Flag bill gets DeSantis backing, stalls in Senate

by | Feb 7, 2024

Gov. Ron DeSantis expressed support for a bill limiting flags displayed at public institutions to avoid political viewpoints, but the proposal stalled in a Senate committee amid concerns of discrimination and unclear definitions of banned content.

Gov. Ron DeSantis on Tuesday supported a proposal that would restrict what flags can be flown at schools and other public buildings, as critics of the bill — and Senate analysts — questioned prohibiting flags that represent a “political viewpoint.”

The bill (SB 1120), however, stalled, in a Senate committee hours after the governor backed it.

Under the bill, government agencies, public schools, colleges and universities would be prohibited from flying any flag that “represents a political viewpoint” including any “politically partisan, racial, sexual orientation and gender, or political ideology viewpoint.” Debate has focused heavily on the potential that it could bar LGBTQ pride flags at public buildings.

Answering questions from reporters, DeSantis said he had not seen the bill but signaled that he would back it.

“If you take a position that, we’re going to fly the American flag and the state of Florida flag, and that’s it, it’s not targeting anybody. It’s basically saying that we’re not going to get into this business of doing this. So I think that’s totally fine,” the governor said during an appearance in Orange City.

“I don’t think you could say, you can fly any flag you want except one or two. Then I think that would be maybe content-based discrimination,” DeSantis added.

Hours after DeSantis made the comments, the Senate Governmental Oversight Committee heard from members of the public — most of whom opposed the bill — before adjourning Tuesday evening without voting on the bill. That could put the bill in jeopardy in the Senate midway through the legislative session.

“The committee is not scheduled to meet again,” Katie Betta, a spokeswoman for Senate President Kathleen Passidomo, R-Naples, said in an email. “If a bill remains in a committee that is no longer meeting, it is procedurally very difficult for the issue to advance.”

Members of the LGBTQ-advocacy group Equality Florida were among opponents who spoke against the measure, arguing it singles out LGBTQ people by banning pride flags.

Sen. Tina Polsky, D-Boca Raton, pointed to the measure barring flags that would represent a “political viewpoint.” She argued that prohibitions listed in the bill involve groups of people, not inherently political viewpoints.

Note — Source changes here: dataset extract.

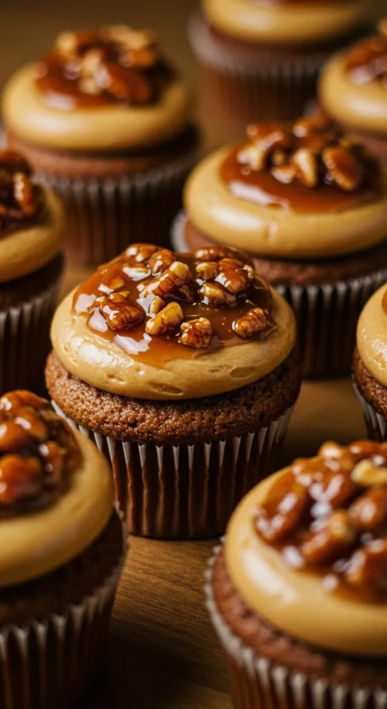 Moist cupcakes with crunchy praline and bourbon flavor.
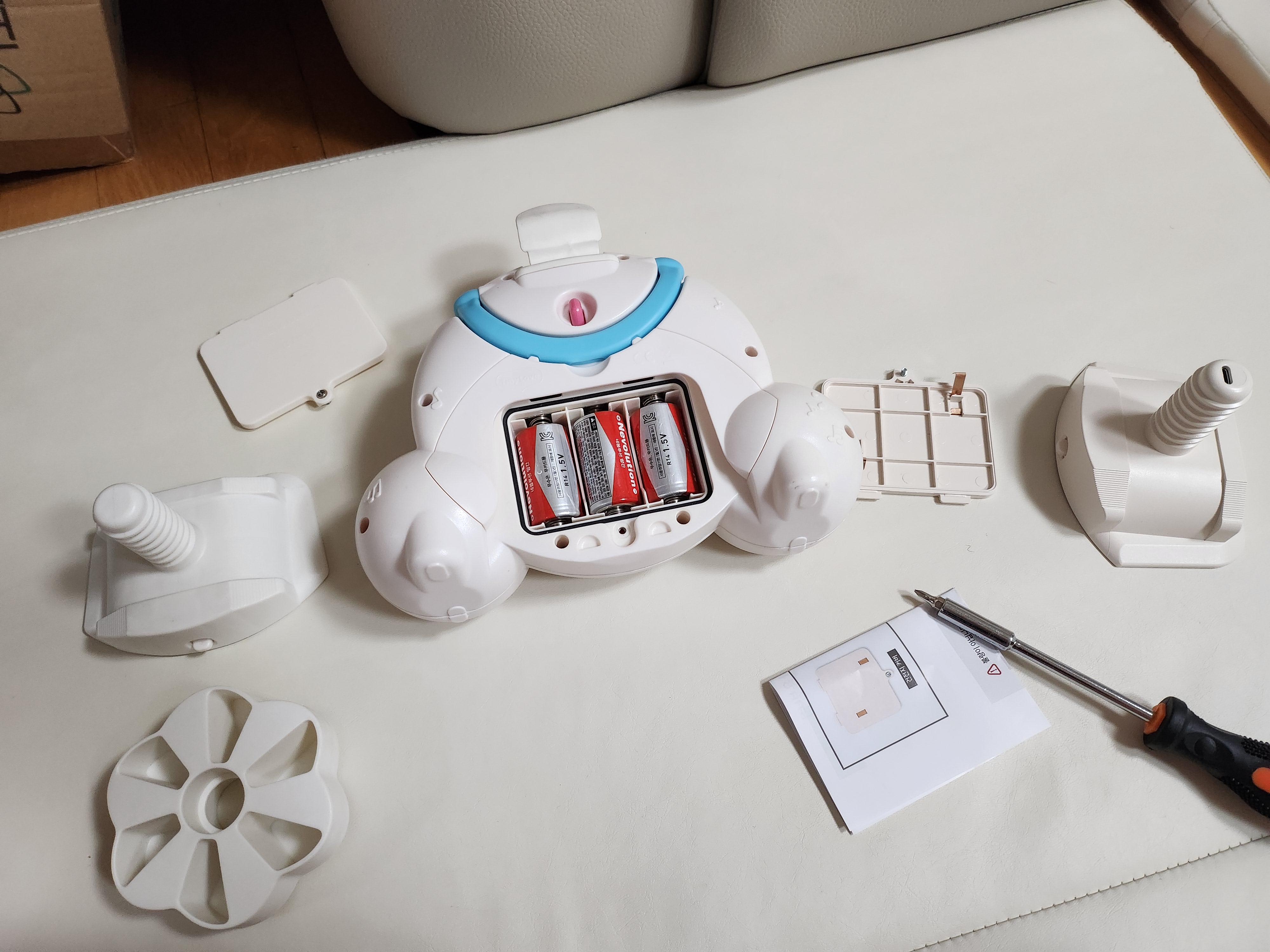 뚱뚱한 건전지 3개를 장착하고 전월을 켜니 동작이 안 됐습니다.

“Race, gender, sexual orientation, religion are not political unto themselves. So, we should be as inclusive as possible. Not exclusive,” Polsky said.

Polsky also questioned bill sponsor Jonathan Martin, R-Fort Myers, about whether flags of other countries would be prohibited at public buildings.

“Other flags of other countries, let’s say somebody is visiting the city of Fort Lauderdale, and you put up a foreign nation’s flag to welcome them to come. These days that could be potentially political. So, if they flew the Israeli flag and someone complained, would that be political? And who gets to make that decision?” Polsky asked.

“That’s not covered in this bill, but I’m happy to discuss an amendment with you, to make sure that we can honor our friends who are visiting from other countries,” Martin replied.

A Senate staff analysis of the bill released before the meeting also appeared to point to potential confusion about what would actually be prohibited.

“While the bill provides examples of what represents a ‘political viewpoint’ for purposes of the bill, it does not define the term. Similarly, while the bill clearly regulates governmental speech, which is not limited by First Amendment regulations, it is unclear where government speech (or that undertaken by a ‘governmental entity’) ends and private speech begins for purposes of this regulation,” the analysis said.

The analysis provided multiple examples of the proposal’s potential gray area about the line between public and private speech, including a scenario in which a “university-approved French club may be uncertain of the legality of its display of the flag of France at its club meetings on university property.”

The proposal stalled in the Senate committee for the second time. Chairman Bryan Avila, R-Miami Springs, adjourned a meeting last week before a vote was taken.

A similar House bill (HB 901) needs approval from the State Affairs Committee before it could go before the full House.